[Data for analysis — start]

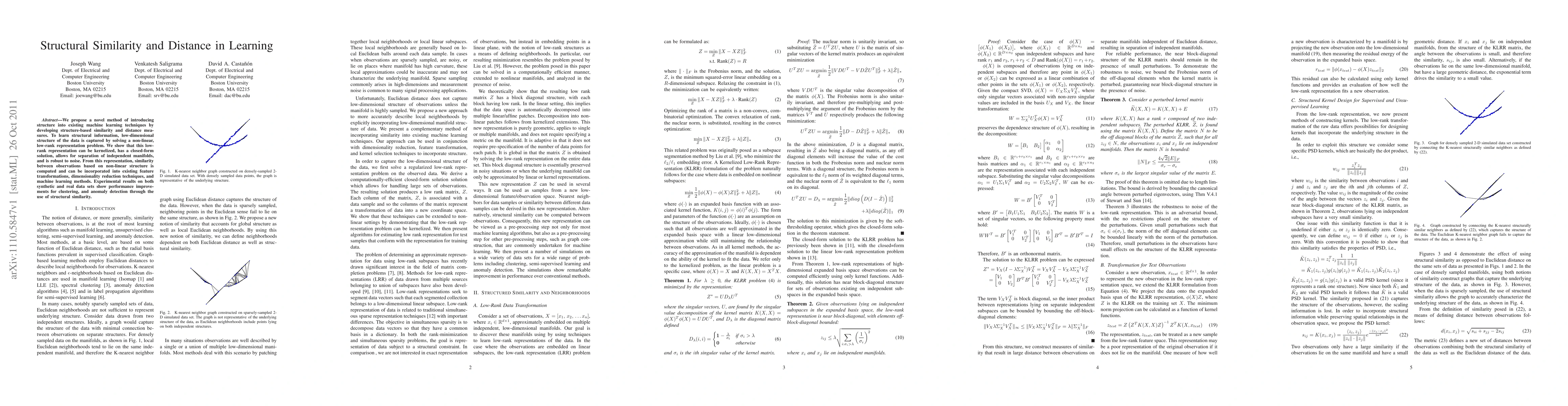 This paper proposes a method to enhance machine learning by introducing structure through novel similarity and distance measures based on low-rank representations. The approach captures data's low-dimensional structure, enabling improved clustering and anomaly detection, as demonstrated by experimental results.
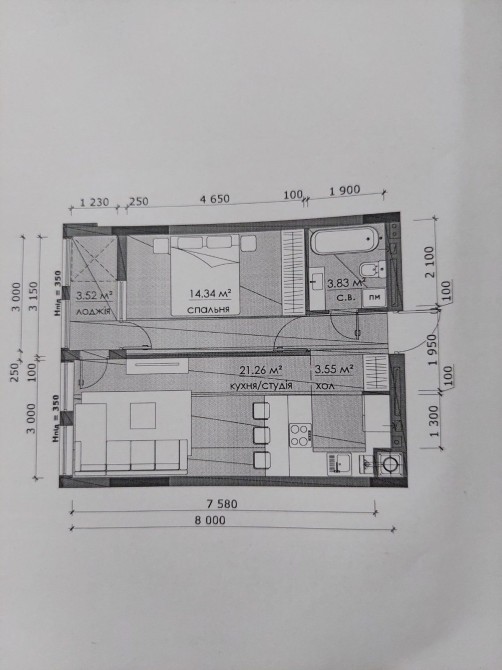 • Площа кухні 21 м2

[Data for analysis — finish]
[Data for analysis — start]

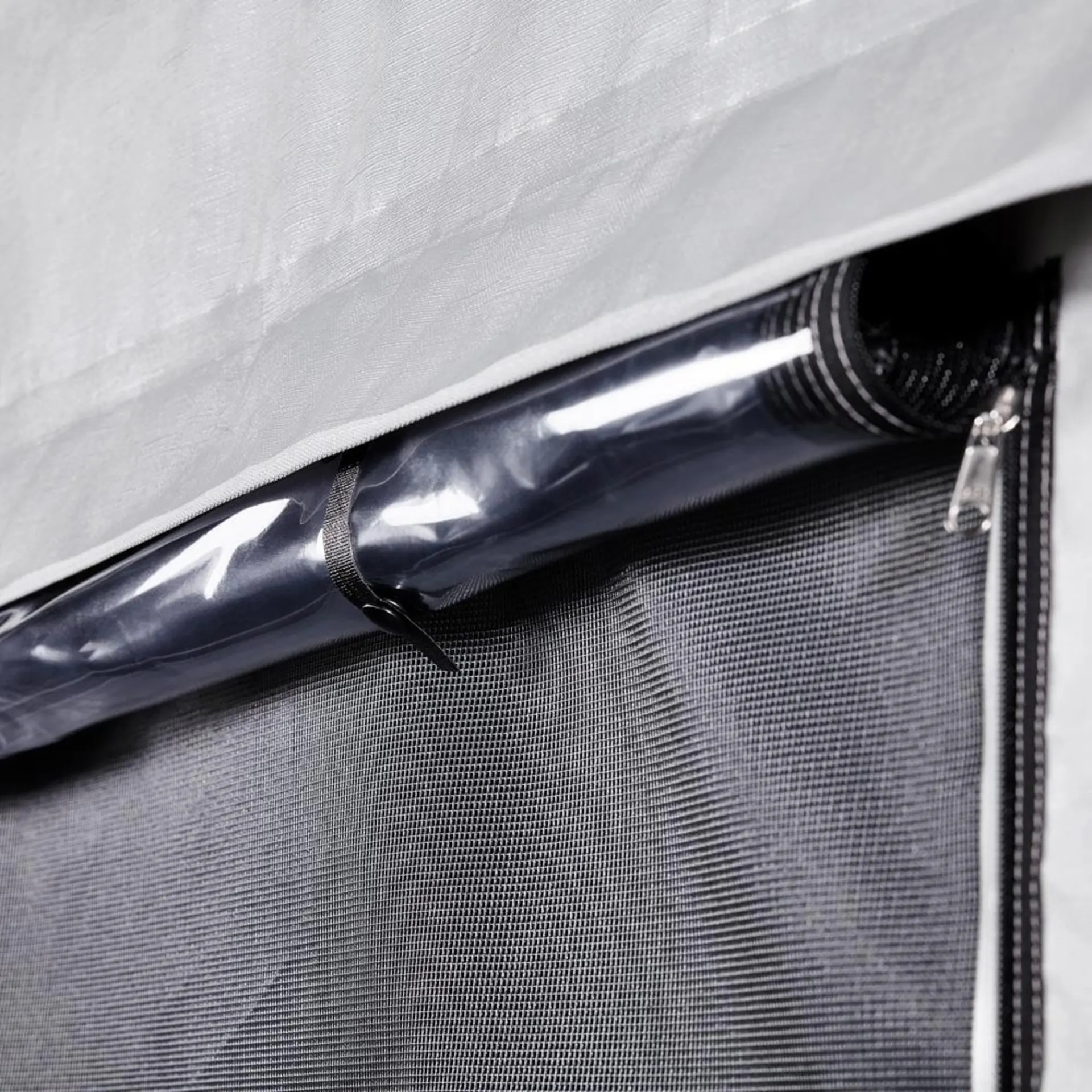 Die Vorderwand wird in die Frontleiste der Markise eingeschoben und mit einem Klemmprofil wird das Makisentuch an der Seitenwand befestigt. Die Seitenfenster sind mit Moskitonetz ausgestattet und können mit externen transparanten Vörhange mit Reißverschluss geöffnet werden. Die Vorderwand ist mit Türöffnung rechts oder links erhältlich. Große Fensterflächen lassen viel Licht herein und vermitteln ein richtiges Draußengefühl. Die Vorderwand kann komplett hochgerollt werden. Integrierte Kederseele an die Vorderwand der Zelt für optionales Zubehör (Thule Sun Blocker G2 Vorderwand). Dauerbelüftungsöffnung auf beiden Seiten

[Data for analysis — finish]
[Data for analysis — start]

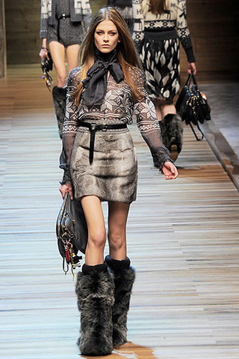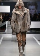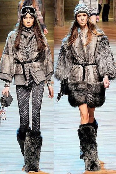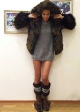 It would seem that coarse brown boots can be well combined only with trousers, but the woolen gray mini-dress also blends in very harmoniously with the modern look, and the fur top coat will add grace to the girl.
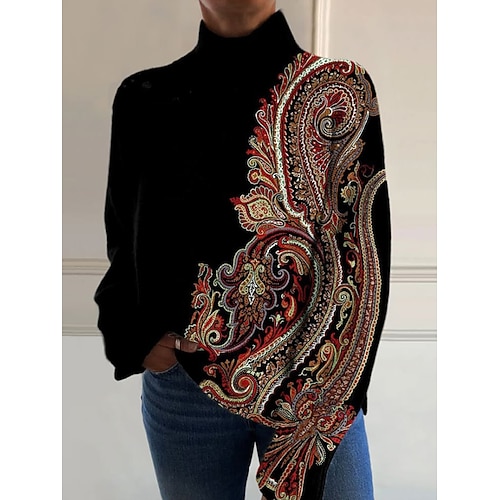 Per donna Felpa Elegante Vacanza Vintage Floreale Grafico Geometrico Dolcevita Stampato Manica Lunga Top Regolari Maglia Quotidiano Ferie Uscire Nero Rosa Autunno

[Data for analysis — finish]

#### Task item:
Start with the line with "This paper proposes" in the listing above and stop after the line with "Площа кухні 21 м2". Write out exactly the lines in that stretch and no others, without pictures.

#### Solution for this exercise:
 This paper proposes a method to enhance machine learning by introducing structure through novel similarity and distance measures based on low-rank representations. The approach captures data's low-dimensional structure, enabling improved clustering and anomaly detection, as demonstrated by experimental results.
 • Площа кухні 21 м2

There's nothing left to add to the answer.